▸ **TASK BRIEF**
Using the data that follows, output only the lines from the line with "Mesa extensible KELLY" up to and including the line with "В рабочем разложенном", exactly, leaving pictures aside.

▸ **THE RECORDS**

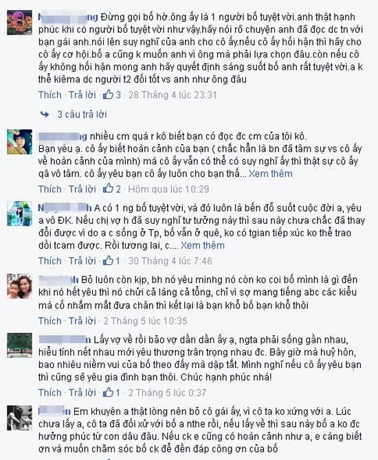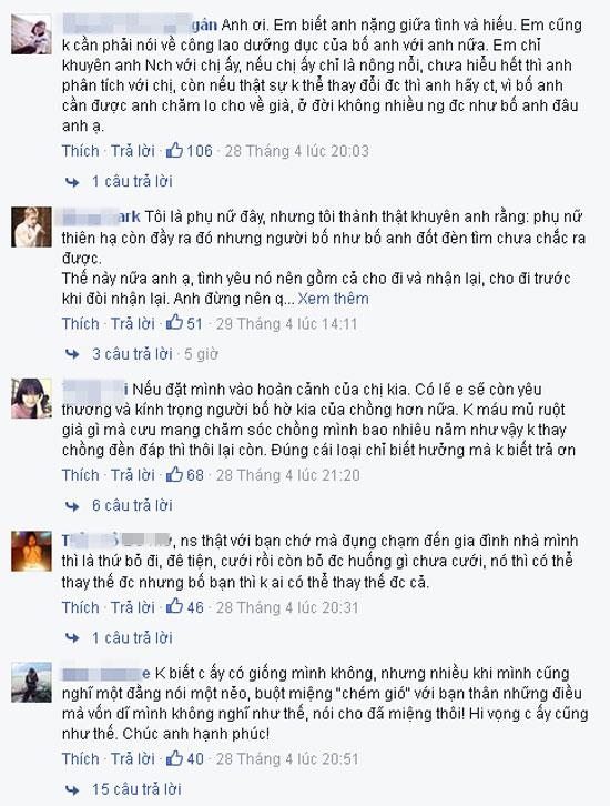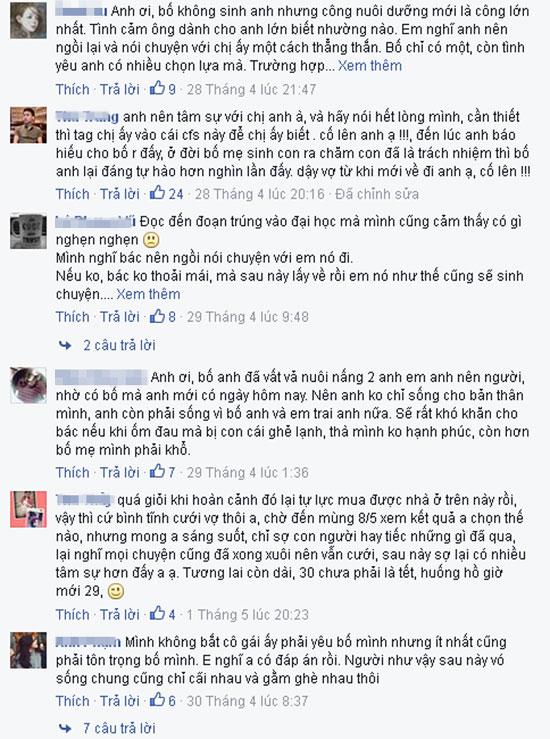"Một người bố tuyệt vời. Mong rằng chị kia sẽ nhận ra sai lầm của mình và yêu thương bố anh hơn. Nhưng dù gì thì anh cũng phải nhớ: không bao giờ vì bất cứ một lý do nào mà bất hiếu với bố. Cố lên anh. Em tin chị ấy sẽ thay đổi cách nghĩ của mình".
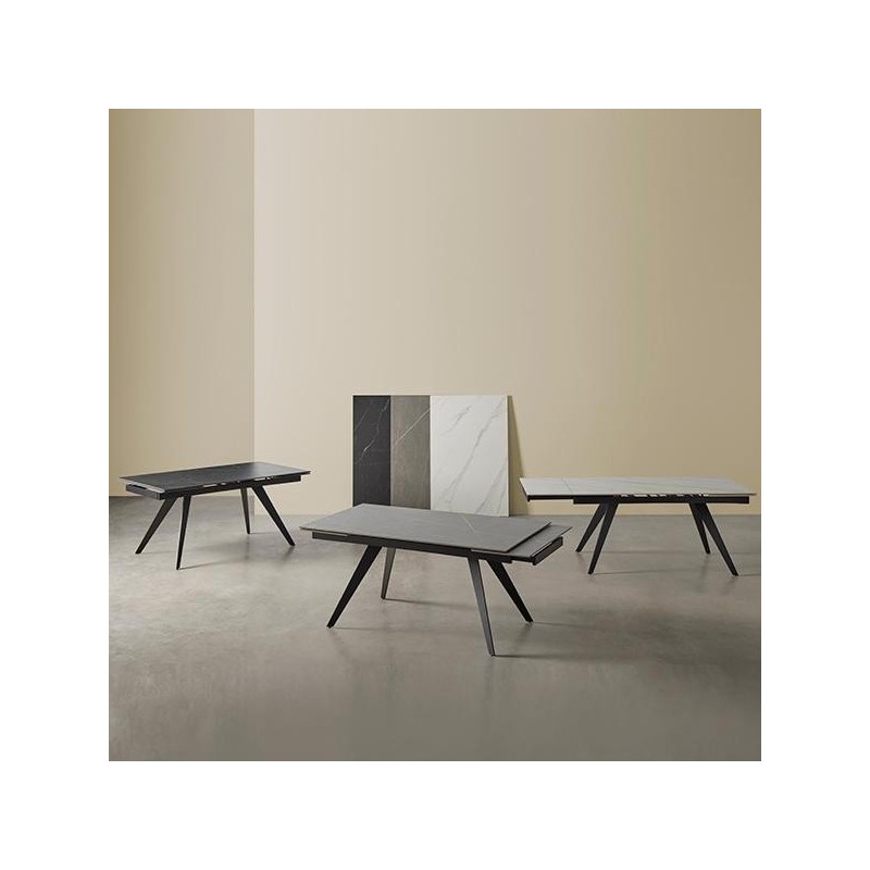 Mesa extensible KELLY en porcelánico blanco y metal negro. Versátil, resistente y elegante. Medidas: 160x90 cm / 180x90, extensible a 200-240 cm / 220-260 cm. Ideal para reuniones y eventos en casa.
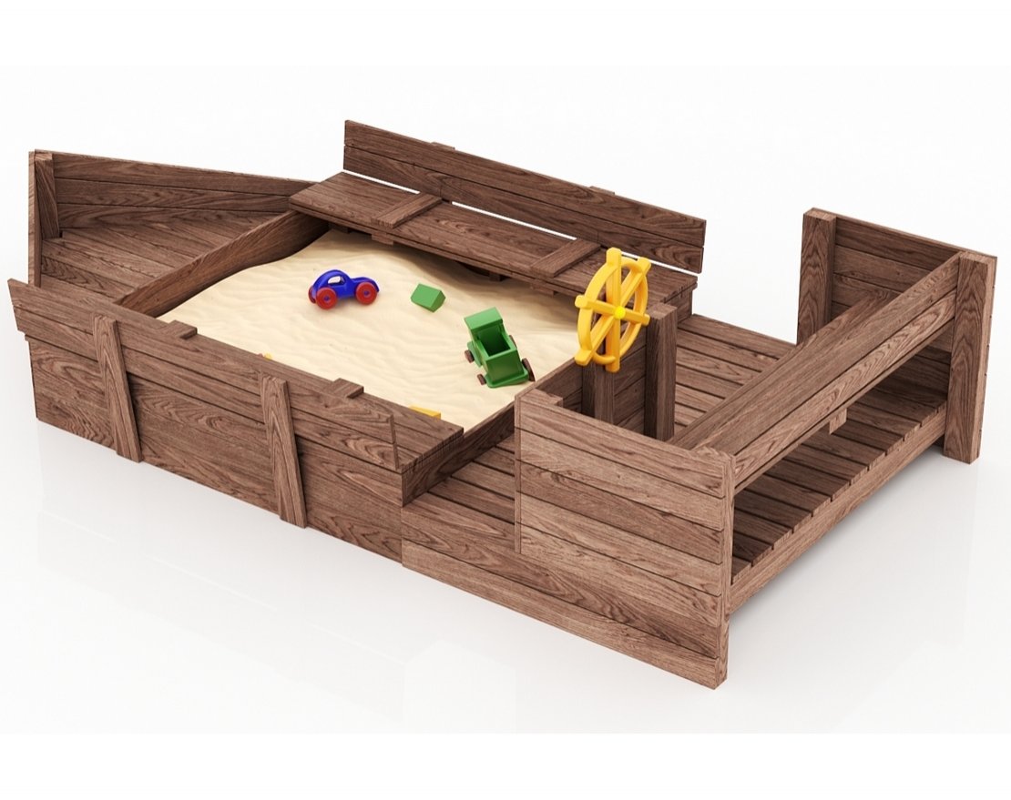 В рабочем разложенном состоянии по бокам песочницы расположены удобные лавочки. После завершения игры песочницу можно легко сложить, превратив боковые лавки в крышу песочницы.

---

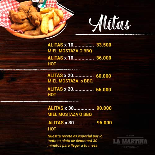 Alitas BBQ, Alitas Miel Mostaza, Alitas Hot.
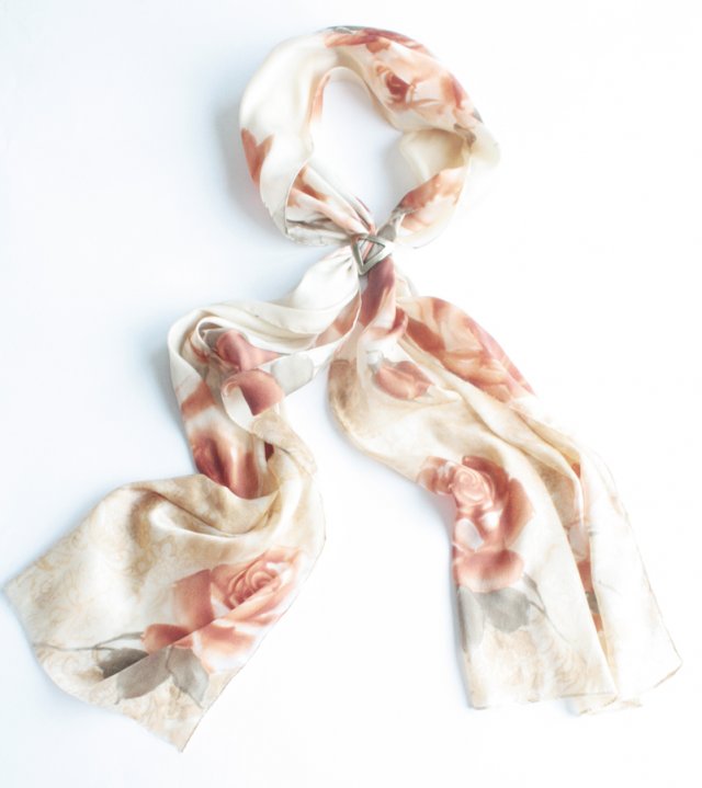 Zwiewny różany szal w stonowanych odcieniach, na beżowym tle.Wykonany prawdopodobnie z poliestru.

▸ **RESULT FOR THIS EXERCISE**
 Mesa extensible KELLY en porcelánico blanco y metal negro. Versátil, resistente y elegante. Medidas: 160x90 cm / 180x90, extensible a 200-240 cm / 220-260 cm. Ideal para reuniones y eventos en casa.
 В рабочем разложенном состоянии по бокам песочницы расположены удобные лавочки. После завершения игры песочницу можно легко сложить, превратив боковые лавки в крышу песочницы.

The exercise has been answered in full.